Annoyed by his loss of creative control over the movie, Whedon wrote and produced a television series of the same name five years later on The WB network. In keeping with Whedon's original concept for Buffy Summers, the series changed a number of key details concerning her personal history. For example, the movie portrays Buffy as a senior in high school when she becomes the Slayer, but this is retconned in the show so that she instead takes on the role as a sophomore. In the film, Buffy is an only child and has wealthy but negligent parents who spoil her; in the show, Buffy has a caring, newly divorced mother named Joyce and later a younger sister, Dawn.

The supernatural abilities of both vampires and the Slayer are depicted differently. The vampires in the film die like humans; in the television series, they turn to dust. Unlike the television series, their faces remain human albeit pale, fanged, and with notched ears, whereas in the television series, they take on a demonic aspect, especially when newly raised. The television series suggests that new vampires must consciously learn to maintain a human appearance. In the film, Merrick has been reincarnated many times, to train many Slayers; in the television series, Watchers are mortal and specially trained for their role and mission. Merrick's British accent and the manner of his death are different when he appears in flashbacks in the television series.

Joss Whedon has expressed his dissatisfaction with the film's interpretation of the script, stating, "I finally sat down and had written it and somebody had made it into a movie, and I felt like—well, that's not quite her. It's a start, but it's not quite the girl."

According to the Official Buffy Watcher's Guide, Whedon wrote the pilot to the television series as a sequel to his original script, which is why the television series makes references to events that did not occur in the film. In 1999, Dark Horse Comics released a graphic novel adaptation of Whedon's original script under the title The Origin. Whedon stated: "The Origin comic, though I have issues with it, CAN pretty much be accepted as canonical.
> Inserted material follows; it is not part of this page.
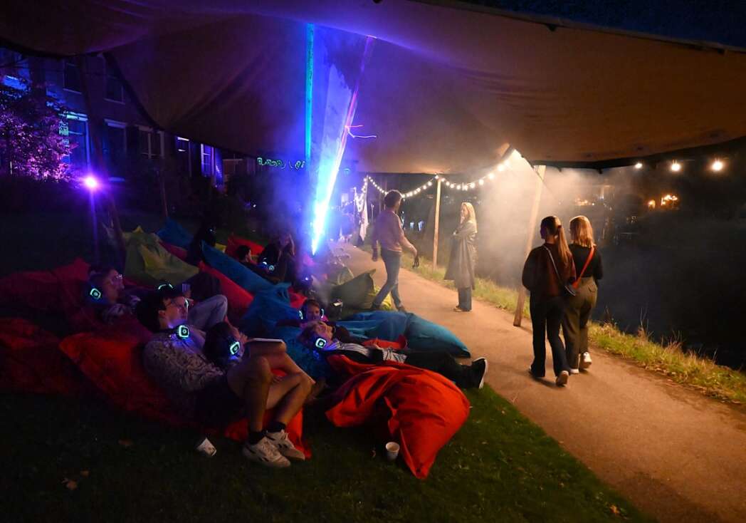 Even relaxen bij silent disco en een lichtshow.
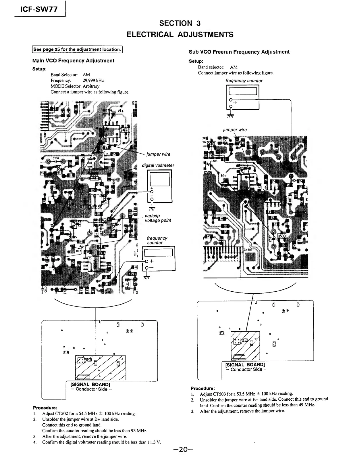 Sony ICF-SW77 - ELECTRICAL ADJUSTMENTS; Main VCO Frequency Adjustment; Sub VCO Freerun Frequency Adjustment

They did a cool job of combining the movie script with the series, that was nice, and using the series Merrick and not a certain OTHER thespian who shall remain hated."

==Soundtrack==

Other songs featured in the film but not the soundtrack album include: "Everybody Hurts" by R.E.M., "In the Wind" by War Babies, and "Inner Mind" by Eon.

Buffy the Vampire Slayer (Original Motion Picture Soundtrack)
| No. | Title | Original artist(s) | Length |
|---|---|---|---|
| 1. | "Keep It Comin' (Dance Till You Can't Dance No More)" | C+C Music Factory featuring Deborah Cooper and Q-Unique | 3:58 |
| 2. | "Man Smart, Woman Smarter" | Dream Warriors | 4:31 |
| 3. | "Silent City" | Matthew Sweet | 2:51 |
| 4. | "We Close Our Eyes" (originally by Oingo Boingo) | Susanna Hoffs | 3:54 |
| 5. | "Little Heaven" | Toad the Wet Sprocket | 4:27 |
| 6. | "I Ain't Gonna Eat Out My Heart Anymore" | Divinyls | 4:32 |
| 7. | "Party with the Animals" | Ozzy Osbourne | 4:18 |
| 8. | "Zap City" | The Cult | 5:14 |
| 9. | "I Fought the Law" (originally by The Crickets) | Mary's Danish | 3:19 |
| 10. | "Light Comes Out of Black" | Pantera and Rob Halford | 4:59 |

==Possible remake==
On May 25, 2009, The Hollywood Reporter reported that Roy Lee and Doug Davison of Vertigo Entertainment were working with Fran Rubel Kuzui and Kaz Kuzui on a re-envisioning or relaunch of the Buffy film for the big screen. The film would not be a sequel nor prequel to the existing film or television franchise, and Joss Whedon would have no involvement in the project. None of the characters, cast, or crew from the television series would be featured. Television series executive producer Marti Noxon later reflected that this story might have been produced by the studio in order to frighten Whedon into taking the reins of the project. On November 22, 2010, The Hollywood Reporter confirmed that Warner Bros. had picked up the movie rights to the remake. The film was set for release sometime in 2012. 20th Century Fox, which usually holds the rights to both the Buffy and Angel television series, would retain merchandising and some distribution rights.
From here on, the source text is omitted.